Едва ли надо говорить о том, какой интерес может представлять история афинской демократии, особенно если стать на точку зрения современного направления в области изучения греческой древности. С этой точки зрения античный мир является нам не миром sui generis, далеким и чуждым, а близким и понятным, имеющим много аналогий с так называемыми Средними и новыми веками и с современностью. «В древности преобладали, хотя на гораздо меньшем пространстве и в иных формах, те же влияния и противоположности, которые управляют и современным развитием», – говорит, например, Эд. Мейер, автор новейшей капитальной «Истории древности». «Древний мир волновали те же жизненные вопросы, которые еще и теперь, отчасти не решенные, занимают каждого мыслящего человека», – такова основная идея, которая красной нитью проходит через работы другого видного представителя современной исторической науки, Р. фон Пёльмана, интересующегося преимущественно социально-экономическими отношениями в древности… Направление это иногда впадает в крайность, слишком модернизует древность, но в его основе много верного.
Издаваемая книга посвящена предмету, которого отчасти я касался еще в работе моей молодости – в «Перикле» (1889), – назад тому двадцать лет, и затем в своем исследовании об «Афинской политии» Аристотеля (1895). Многие страницы из этих работ в нее вошли – конечно, с необходимыми изменениями. Кроме того, в основу ее легли соответствующие отделы общего курса греческой истории, читаемого мной в Харьковском университете.
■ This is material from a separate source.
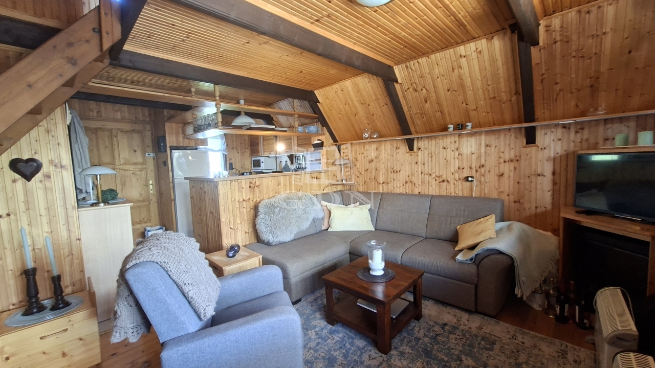 • Hangulatos alpesi stílusú, könnyűszerkezetes ház, stabil beton alappal
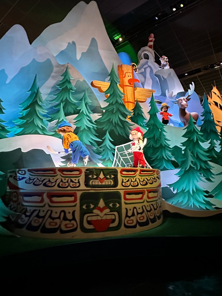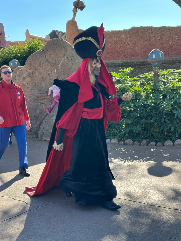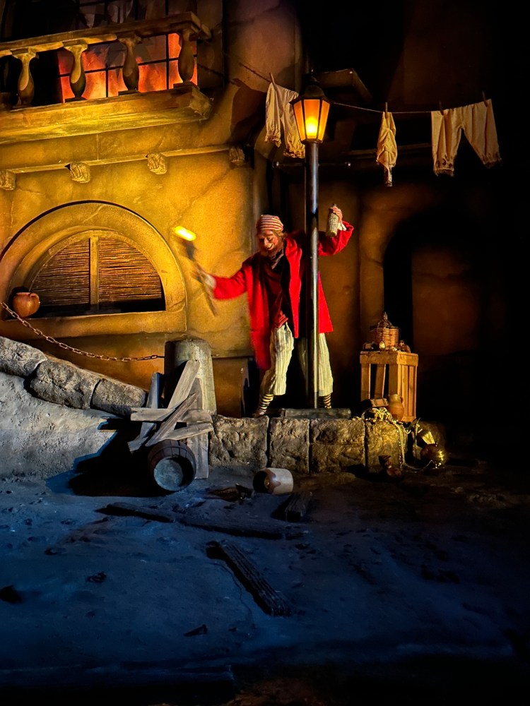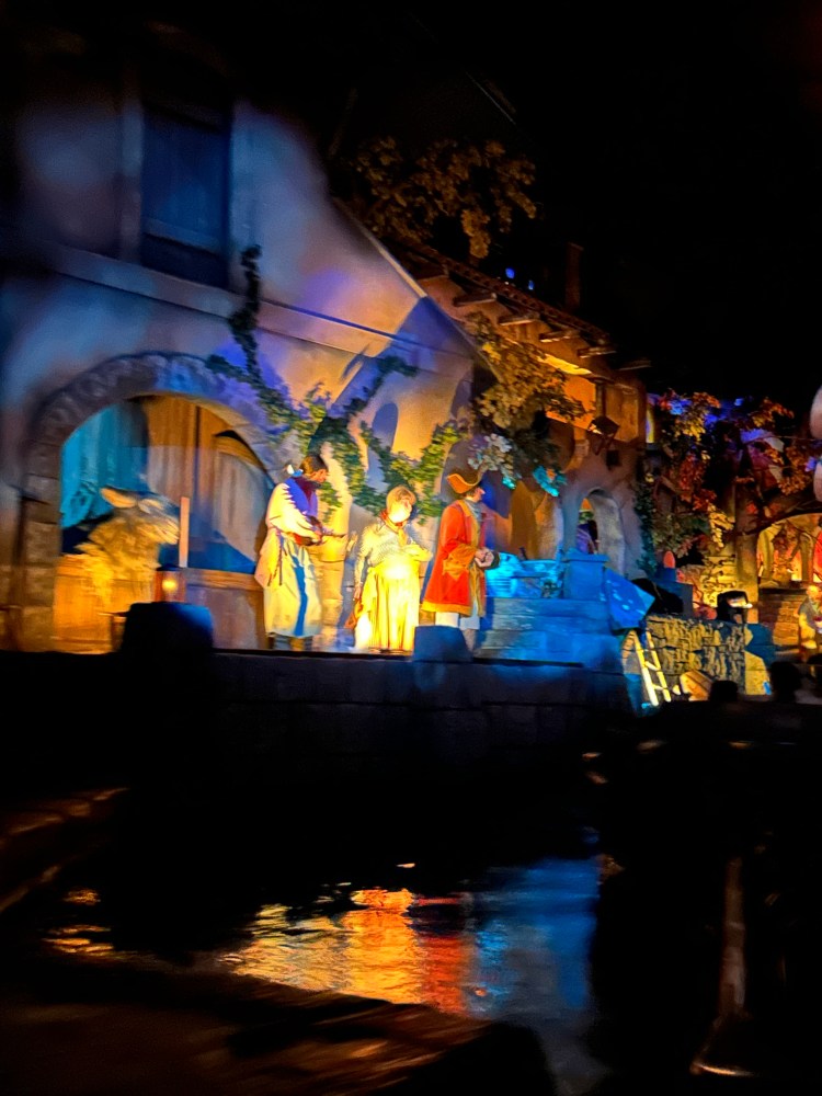 What a difference a day makes. Yesterday was sunny and I actually was hot for the first time on this trip.  Today the occasional rain was back. After bringing our luggage to be stored, we went back to the park and did a few more rides. Among others we went on Pogo’s favorite: It’s a Small World 🙂 and we went twice on my favorite: The Pirates of the Caribbean.  We also went back on Thunder Mountain. It was definitely less crowded so it was nice to just walk around.

Можно сказать, что настоящая книга представляет собой обработку главной части этого курса.
При изложении истории афинской демократии я имел в виду не только самый строй и учреждения, но и среду, воззрения, настроения. Этим объясняется, почему я так часто пользуюсь Аристофаном или, например, Еврипидом. Я старался взглянуть на афинскую демократию объективно, по возможности изобразить ее такой, какой она была в действительности, с ее светлыми и темными сторонами, не черня и не идеализируя ее, ибо, говоря словами «старого мастера исторической науки» Л. Ранке, идеал всегда заключается в том, чтобы представить историческую правду, – «denn Ideal ist immer die historische Wahrheit der Welt zu vergegenwӓrtigen».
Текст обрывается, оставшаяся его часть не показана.